2012年01月10日 06時44分40秒 | 桜井市へ
高田の亥の子暴れはさらに続き舞台は出荷場の内部に移った。

先ほど、お仮屋に祀られた屋形は神棚に置かれている。

ハチマキメシ、コヅケの膳やお神酒も置かれた棚だ。

床には暴れ回る男の子たちの人数分の膳がある。



半切りしたカシライモとカブラ、ハッタイコ(コバシとも)、ヒジキ(クロメのメイとも)、ダイズマメはカワラケに入れている。

その膳に箸を添えて空のお椀がある。

座脇にはネムの木で作った三本の足で組んだハチマキメシとコヅケ。

逆さにしたハチマキメシの上に乗せたコヅケが上下の三角垂は特徴ある形をしている。



小学生の子供たちが亥の子となって暴れるのだが、本来は直会の儀式とされる。

昔の話によれば座に座った子供たちが「器や」と騒ぎ立てて膳に空のカワラケを配らせた。

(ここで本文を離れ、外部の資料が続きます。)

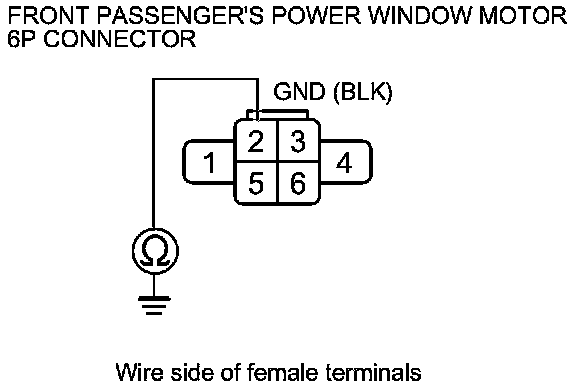 7. Check for continuity between front passenger's power window motor 6P connector terminal No. 2 and body ground. There should be continuity.

さらには「ご飯やー 菜っ葉やー 汁やー」と次々に要求して膳を揃えさせたという。

現在は汁物のお椀だけが空っぽですべての料理が盛られている。

大当家が一人ずつ膳にトーフ汁を入れていく。

声が掛かるとアカメシを小脇に抱えて、いきなり膳を蹴っ飛ばす。

トーフ汁やハッタイコの粉が舞いあがった。

カワラケもぶっ飛ぶ。膳そのものも飛んでいく。

飛ぶだけでは壊れないから足で踏みつけていく。

バキバキと壊れる音がする。

そんな様子に怖がる小さな小学生。



アカメシを抱えてうろうろする。

そのうち慣れてきた子どもは年長者を見習って膳を壊していく。

まだひ弱さがみられる幼い子どもはこうして成長していくのであろう。

それはともかく暴れるほどに激しければ神さんの意に適うという膳あばれはおよそ3分も続いた。



あばれから守ったセキハンを大事そうに抱えて帰る亥の子の一人はほっとした表情を浮かべる。